Côté offre, le scénario envisagé par l’AIE donnerait le premier rôle aux États-Unis qui deviendraient, d’ici 2020, le plus gros producteur de pétrole à l’échelle internationale. Mécaniquement, cette situation impliquerait une chute régulière des importations pétrolières américaines, jusqu’à l’autosuffisance. "Sous l’effet de l’exploitation des hydrocarbures non conventionnels, les États-Unis tendront vers une large autonomie en matière d’importations, à l’inverse des pays de l’Union européenne où la dépendance croissante impliquera tout particulièrement d’actionner le levier de l’efficacité énergétique, en particulier dans les systèmes de transport", précise Patrice Geoffron.

Visibilité politique

Dans ce contexte, l’ensemble des intervenants a défendu l’idée de développer d’autres alternatives à plus court terme. "À l’heure actuelle, l’industrie des transports ne doit pas se focaliser uniquement sur la technologie. Il existe d’autres leviers d’actions opérationnels mais aussi comportementaux avec, par exemple, le développement des formations des conducteurs à l’éco-conduite", résume Jonas Kempe, responsable des solutions alternatives Bus Scania. Si technologiquement, les industriels présents reconnaissent que bon nombre de barrières ont été levées, c’est aujourd’hui sur le plan politique que les inquiétudes demeurent. "Nous sommes techniquement prêts mais pour investir, nous avons besoin d’une visibilité politique", confiait Martin Lundstedt.

Un constat partagé par les opérateurs et les autorités organisatrices de transport. "À chaque fois que nous changeons de ministre, nous changeons de carburant.
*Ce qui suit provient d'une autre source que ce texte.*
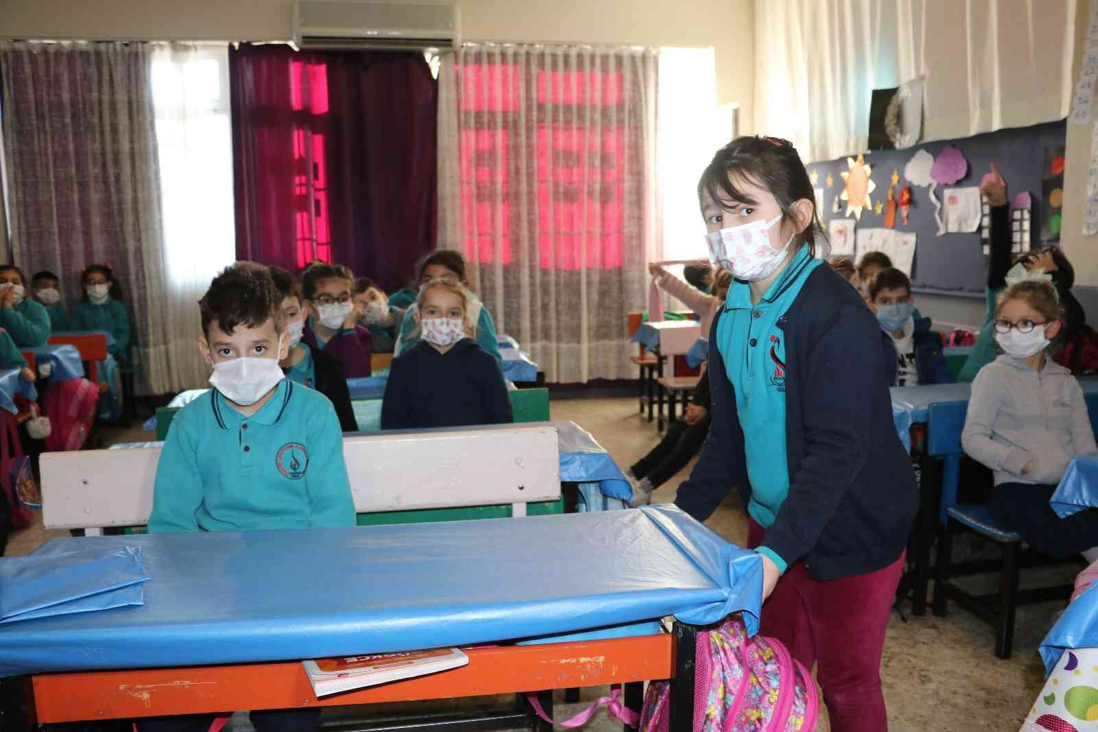 Sınıf Öğretmeni Cem Sefa Baş, “Biz daha önceki yıllarda kumaş sıra örtüleri kullanıyorduk. Bunları da pazartesiden cumaya kadar kullanıp, hafta sonu da yıkanması için ilgili veliye gönderiyorduk. Tekstil Mühendisi Ahmet Bey bana ulaştı. Nano teknolojiyle üretilmiş, gümüş iyonlara sahip ve 58 saniye içerisinde koronavirüsü ortadan kaldıran kumaştan bahsetti. Biz bunları kullanmaya başladık. Kumaş çok güzel. Hiçbir zaman leke ve kir tutmuyor” ifadelerini kullandı.

Du coup, nous ne savons plus sur quel pied danser", confie Marc Teyssier d’Orfeuil, délégué général du Club du dernier kilomètre de livraison créé avec le Groupement des autorités responsables de transport (Gart) en mai 2011. Une remarque à laquelle Yves Lemaire, chef de bureau industrie pétrolière et nouveaux produits énergétiques à la direction générale de l’énergie et du climat (DGEC), a tenu à répondre en rappelant qu’"en 2005, le gouvernement a mis un coup d’accélérateur sur le développement des biocarburants. Aujourd’hui, nous attendons que les expérimentations sur les deuxième et troisième générations de biocarburant soient plus avancées."